Werner Matt

Was wir noch brauchen

Juli 2018

Wie werden wir zu Vorarlbergerinnen und Vorarlbergern? Geburt ist und war immer schon ein Kriterium. Ein weiterer, genauso wichtiger Aspekt ist der Arbeitsplatz. Viele Menschen, die hierherzogen, um einen Betrieb zu gründen, eine Stelle anzutreten oder um hier Arbeit zu finden, blieben hier.

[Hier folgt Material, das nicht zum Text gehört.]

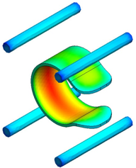 Cool 解析には、金型、キャビティ、金型内の冷却システムが含まれます。 温度変化は、キャビティが充填される速度と比較して、ゆっくり発生します。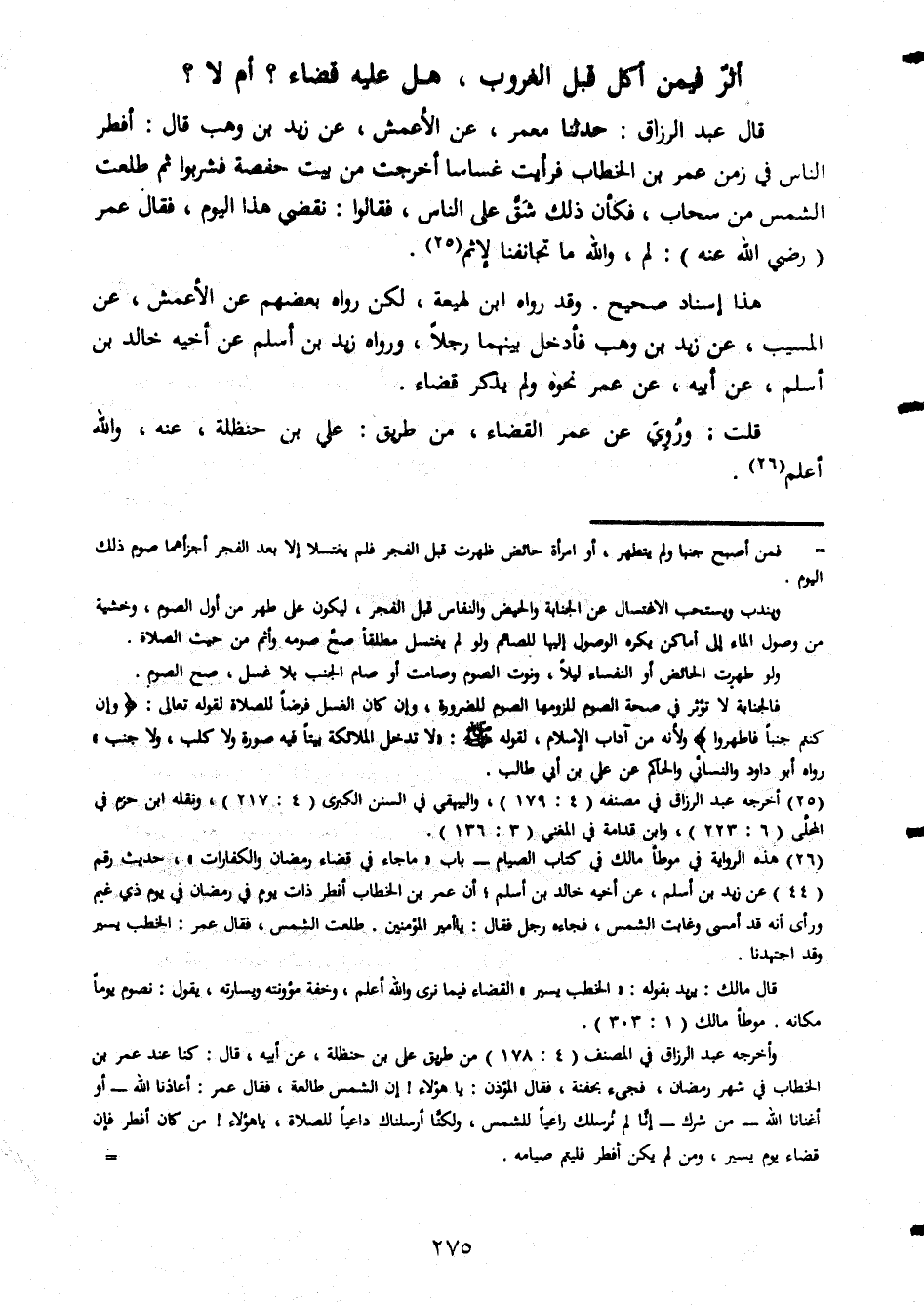 أثر فيمن اكل قبل الغروب هل عليه قضاء ام لا قال عبد الرزاق حدثنا معمر عن الاعمش عن زيد بن وهب قال أفطر الناس فى زمن عمر بن الخطاب فرأيت غساسا أخرجت من بيت حفصة فشربوا ثم طلعت الشمس من سحاب فكأن ذلك شق على الناس فقالوا نقضى هذا اليوم فقال عمر رضى الله عنه لم والله ما تجانفنا لإثم هذا اسناد صحيح وقد رواه ابن لهيعة لكن رواه بعضهم عن الاعمش عن المسيب عن زيد بن وهب فأدخل بينهما رجلا ورواه زيد بن اسلم عن اخيه خالد بن اسلم عن ابيه عن عمر نحوه ولم يذكر قضاء قلت وروى عن عمر القضاء من طريق على بن حنظلة عنه والله أعلم

Zum Massenphänomen wurde die Einwanderung mit dem Beginn der Industrialisierung vor rund 200 Jahren. Aber auch die Vorarlberger Männer und Frauen hatten nun eine Alternative zur Arbeit in der Landwirtschaft. Das Aufkommen einer Arbeiterschaft und eines Bürgertums änderte die Gesellschaft in diesem langen 19. Jahrhundert, moderne Massenparteien entwickelten sich.
Das Vordringen der Industrie veränderte nicht nur die Welt, sondern auch die Wahrnehmung dieser. Der Übergang von einer traditionellen zu einer modernen Gesellschaft verlangte eine organisierte, archivierte sowie systematisierte Welt. Es entbrannte auch in Vorarlberg ein heftiger Kampf um das Monopol der Welterklärung. Die Bandbreite reichte von der päpstlichen „Unfehlbarkeit“ bis zur Darwinistischen Evolutionstheorie.

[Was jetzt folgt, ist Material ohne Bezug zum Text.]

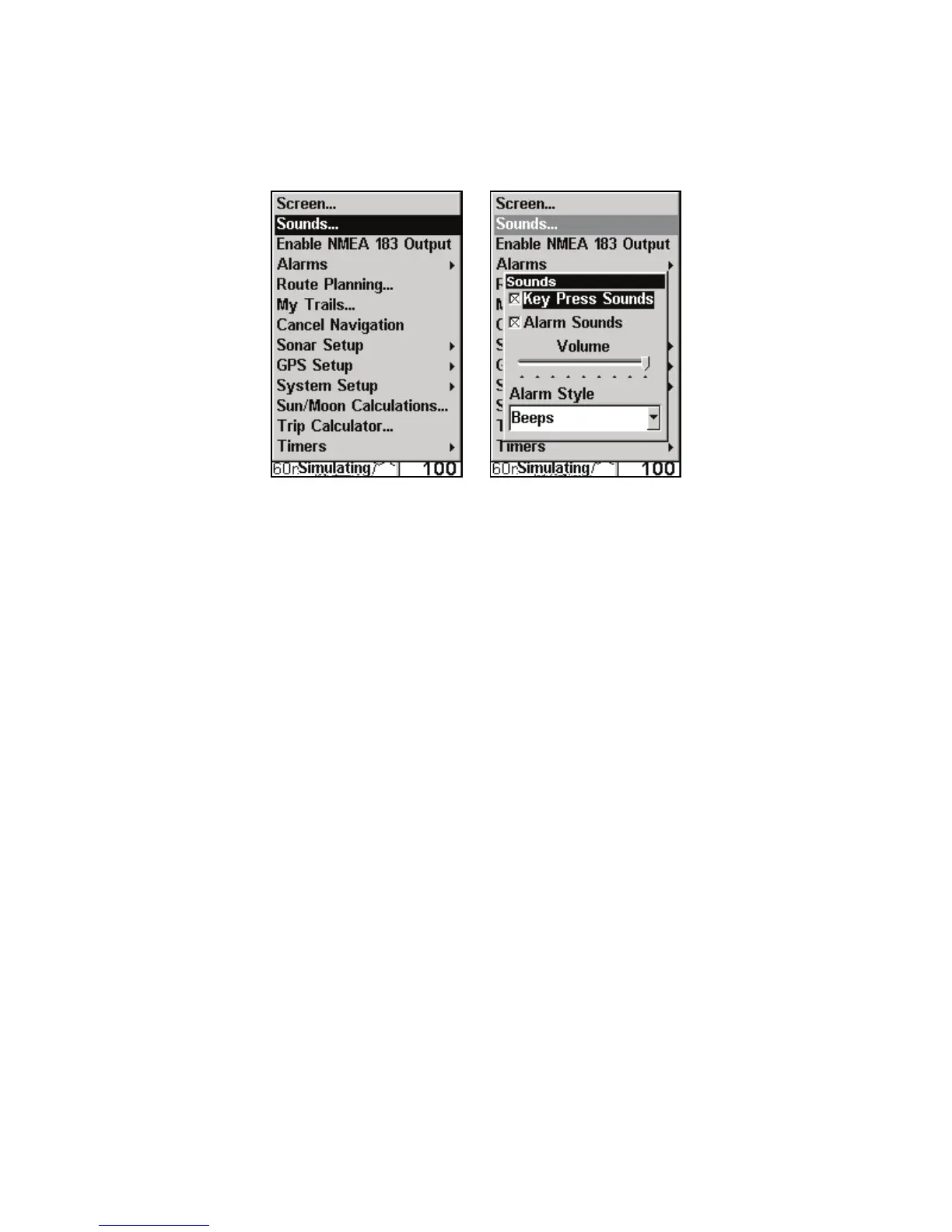 Sounds command (left). The Sounds menu (right).

Die noch erhaltenen Zeugen einer industriellen Revolution sind die Werkshallen, Arbeitersiedlungen, Kraftwerke, die Unternehmervillen und sogar ganze Landschaften. Sie bilden Vorarlbergs umfassendes industrielles Kulturerbe mit einer zum Glück immer noch aktiven industriellen Produktion. In den Archiven sind spannende Geschichte(n) zu Aufstieg und Niedergang, zu Kontinuitäten und Brüchen, zu Strategien und Rahmenbedingungen zu finden. Was wir noch brauchen, ist ein zentraler Ort zum Nachfühlen, Entdecken und Erforschen dieser letzten 200 Jahre sowie einen Ausgangspunkt zum Weiterdenken über die Entwicklung unserer Gesellschaft: ein Vorarlberger Industriemuseum.